PROBLEM STATEMENT: This task calls for the lines below starting at the one containing "216 części (58691)" and ending at the one containing "- 【Sturdy Resin", repeated exactly with both ends kept and pictures left out.
━━ INFORMATION SHOWN ━━
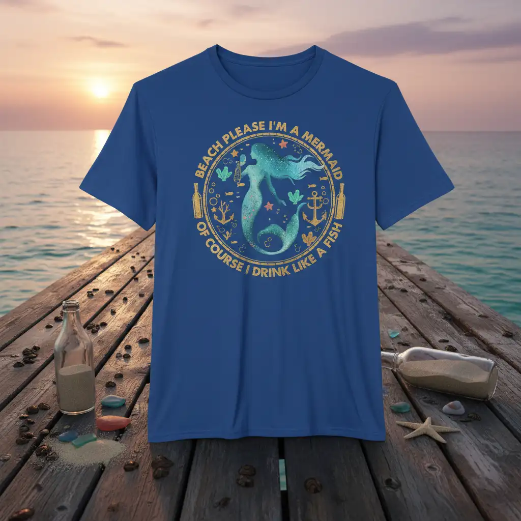 Beach Please I’m A Mermaid Of Course I Drink Like A Fish, this phrase perfectly captures the spirit of those who love the ocean, good company, and perhaps a refreshing beverage. This t-shirt is more than just apparel; it’s a statement piece for anyone who feels a connection to the sea and enjoys a bit of playful humor. Imagine yourself basking in the sun, feeling the ocean breeze, and wearing a design that truly represents your carefree attitude. It’s ideal for beach parties, summer vacations, or just a casual day out where you want to express your unique personality. This design is sure to turn heads and spark conversations, making it a fantastic addition to any wardrobe.
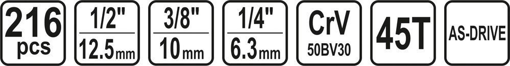 Zestaw narzędziowy 3/8-1/2" 10-32mm 216 części (58691)
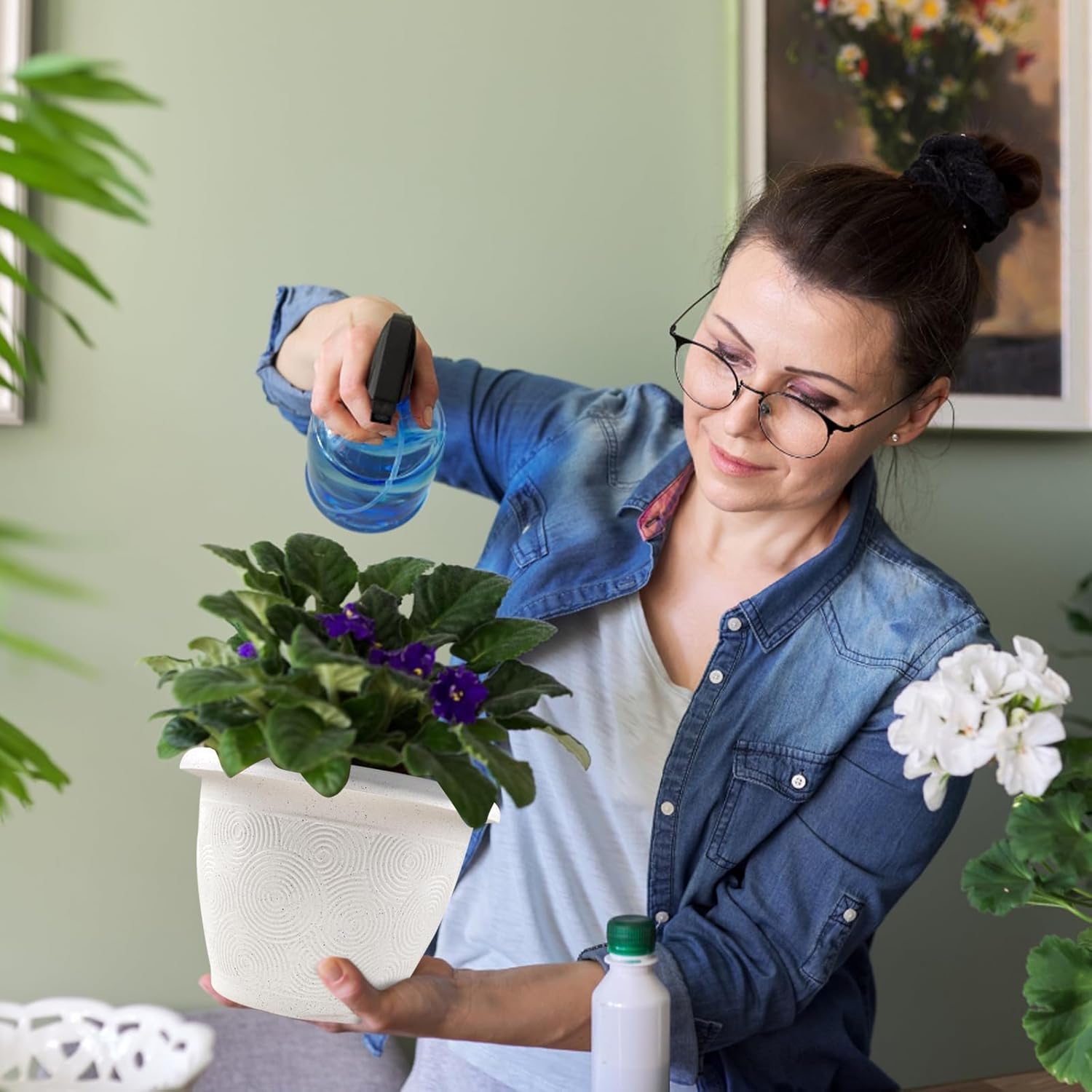 - 【Sturdy Resin Material】our white planter for indoor plant are made of sturdy recyclable plastic which can bear extreme temperature environment. Lightweight, odorless, and will never warp or break. Set of 3 pack 10 inch Solid plastic large planter pots are suitable for house plants, succulents, flowers, and cactus.
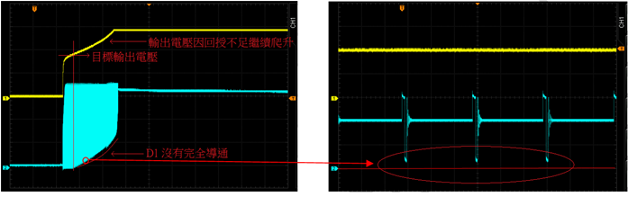 由以上原理分析可知,由於輸出電壓回授偵測是利用 D1 導通區間將 C2 充電到輸出電壓以偵測輸出電壓。當空載時,若電感 L1 電流小到不足以完全導通 D1 時,C2 電壓就無法充電至接近輸出電壓,因此回授電壓得不到正確的輸出電壓就會造成輸出電壓上升。下圖 3 實驗空載且無 dummy load 電阻條件:輸出電壓爬升到目標電壓後,L1 電流減小導致 D1 沒完全導通,此條件 C2 電壓充電不足,導致回授電壓與實際輸出電壓有差異,輸出電壓達目標電壓後還在繼續上升,如下圖3 左圖。
━━━
ANSWER TO THIS PROBLEM:
 Zestaw narzędziowy 3/8-1/2" 10-32mm 216 części (58691)
 - 【Sturdy Resin Material】our white planter for indoor plant are made of sturdy recyclable plastic which can bear extreme temperature environment. Lightweight, odorless, and will never warp or break. Set of 3 pack 10 inch Solid plastic large planter pots are suitable for house plants, succulents, flowers, and cactus.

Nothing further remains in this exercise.